Cars 1 and 4 were fitted with automatic couplers at the outer ends only, retaining their screw-link equipment at the other end, while the coupling arrangements for cars 2 and 3 were unaltered.

When the carriages were completed, the cars were railed to the Gippsland region for fitting-out by various exhibitors, then collected and returned to Spencer Street for the formal launch of the train. After departing from Melbourne at 9pm that day, the train ran to Drouin for display the next day, later proceeding to Warragul, Moe, Morwell, Traralgon, Sale and, finally, Bairnsdale on 26th February. On each day, the exhibition was open from 9:30am to 9:30pm. A total of 30,000 people visited the train before its return to Melbourne.

===The Fashion Express===

The Gippsland Industries Train returned to Melbourne for storage until August 1966, when two cars and the power van were requisitioned for the Fashion Express, commissioned from the Victorian Railways by the Men's Fashion Council. The train used two of the four ex-AV display carriages, along with the power van, and two support carriages were included, Goulburn and Norman, making the consist self-contained. The ZF guards van and two V-type carriages were painted bright yellow.

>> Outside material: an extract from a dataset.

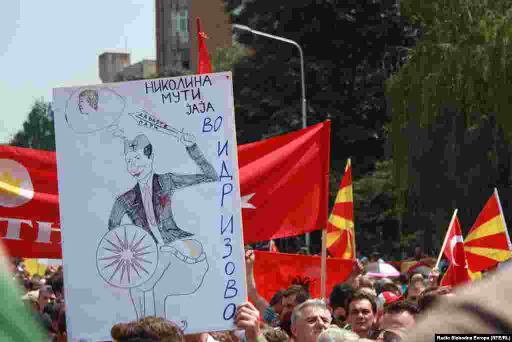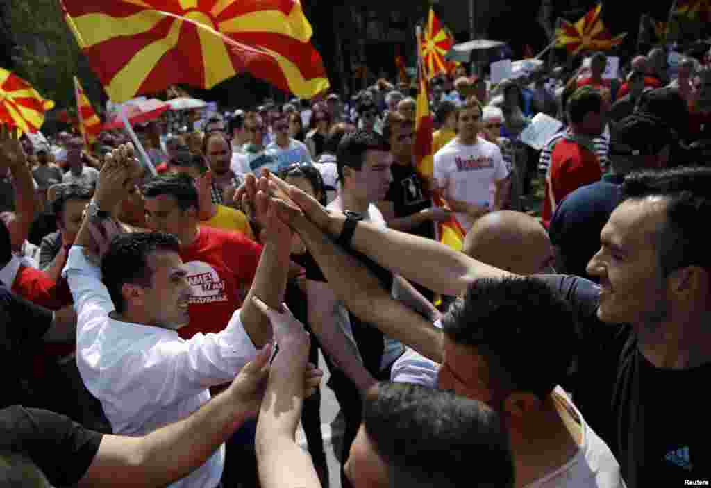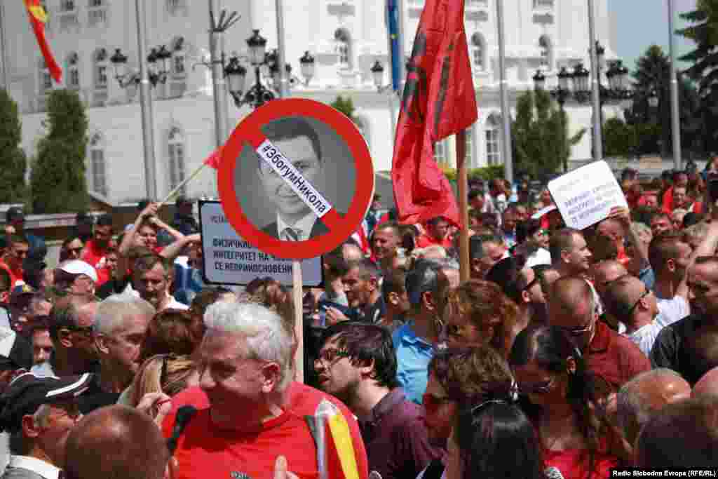 Na hiljade ljudi iz svih krajeva Makedonije okupilo se u nedelju ispred Vlade u skoplju zahtevajući ostavku premijera Nikole Gruevskog. Protest je organizovala najveća opoziciona partija SDSM uz podršku nevladinih organizacija i studenata.

The display cars had the words "FASHION EXPRESS" in upper-case italic lettering on the two-tone yellow sides of the car. The ends of the display cars were black, while the ends of 32ZF remained wagon red.

The exhibition train started from Spencer Street station on 11 August 1966, departing at 9pm, touring western Victoria and South Australia, before travelling through the central and north-eastern regions of Victoria. When the set arrived at Wodonga, the van and two V type cars were given standard gauge bogies, and were joined by three NSW carriages: an ACS composite sleeping car (fitted with showers for the trip), an RFV buffet car (with seats adjacent to the buffet replaced by wicker armchairs) and an LHO brake van. The ACS and RFV had been repainted for the service. The train then ran via Cootamundra and Parkes to Tamworth and South Brisbane, returning to Sydney via the coastal areas of N.S.W., then to Canberra and back to Wodonga.

On return to Victoria, van 32ZF was going to be restored to its original configuration, with the generator removed and the colour changed back to Wagon Red. However, other records indicate the van retained its generator and was utilised for the Showmobile / Display Train (below), until September 1969, when it was superseded in that role by 2CV and returned to normal service.

===The Showmobile Train===

By 1968 a further two carriages - ex 9BV and 21BV - were stripped internally and renumbered 5 and 6, then joined the existing four Display cars as a six-carriage consist. All six cars were then externally reworked, with the outsides sheathed in aluminium cladding, essentially creating a set of billboards on wheels. However the original carriages' external structures were more-or-less retained under the shell; photos exist of some of the carriages with the shell half-removed, revealing the passenger car's original exterior. A year previous, 9BV, 13BV and 21BV were sent to Newport Workshops, and it was speculated at the time that the Display Train consist would become seven, not six cars.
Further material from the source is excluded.